In some parts of Cartagena, more than five young men and women are killed every week.

I continue my work as a lawyer at the international level in the Inter-American Commission on Human Rights as a chair of the gender justice agenda, and to demand answers from the [Colombian] state about the intellectual actors behind [the violence], and how it will protect IDP women, particularly the women of the Displaced Women’s League. On Feb. 18, we demanded a meeting with the foreign minister, the minister of justice, and with the attorney-general of Colombia.

Q: What can you do about the threats of the Águilas Negras? A: We have three denunciations filed in the office of the attorney-general, but none have been answered. We are demanding the disbanding of the paramilitary structures, severing the connection between paramilitaries and some security sectors, for example, the police and armed forces. [We are demanding an end to] the impunity for state crimes, and crimes against IDP women leaders in Colombia.

Q: What do the displaced women you are working with urgently need?
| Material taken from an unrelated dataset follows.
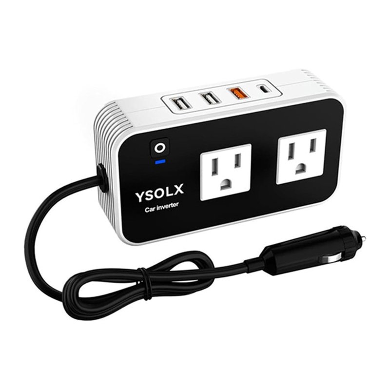 YSOLX 200W Car Power Inverter, DC 12V to 110V AC Converter, Fast Car Charger Adapter with [20W USB-C/USB-QC(18W)/ 4.8A Dual USB/Dual AC Outlet], Car Plug Adapter Outlet for Laptop
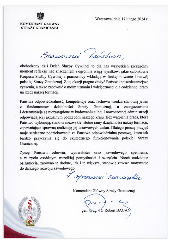 Życzenia Komendanta Głównego Straży Granicznej z okazji Dnia Służby Cywilnej - Aktualności

A: The international community, the U.N., the Special Rapporteur on Violence against Women of the U.N. system, U.N. Women, the CSW have to demand answers from the Colombian government, from President [Juan Manuel] Santos, related to these continuous threats against women’s rights defenders, particularly at the grassroots level like the Displaced Women’s League.

Impunity and violence against women is a huge roadblock to peace. We denounce the militarisation of our lives in the name of the war on drugs, the war on terrorism, the war on everything that threatens capitalism and their financial world.

We demand the legalisation of coca and respect of the indigenous ancestral culture. We demand social and political responsibility of the United States and the European Union for the crimes committed in Colombia in the name of war on drugs.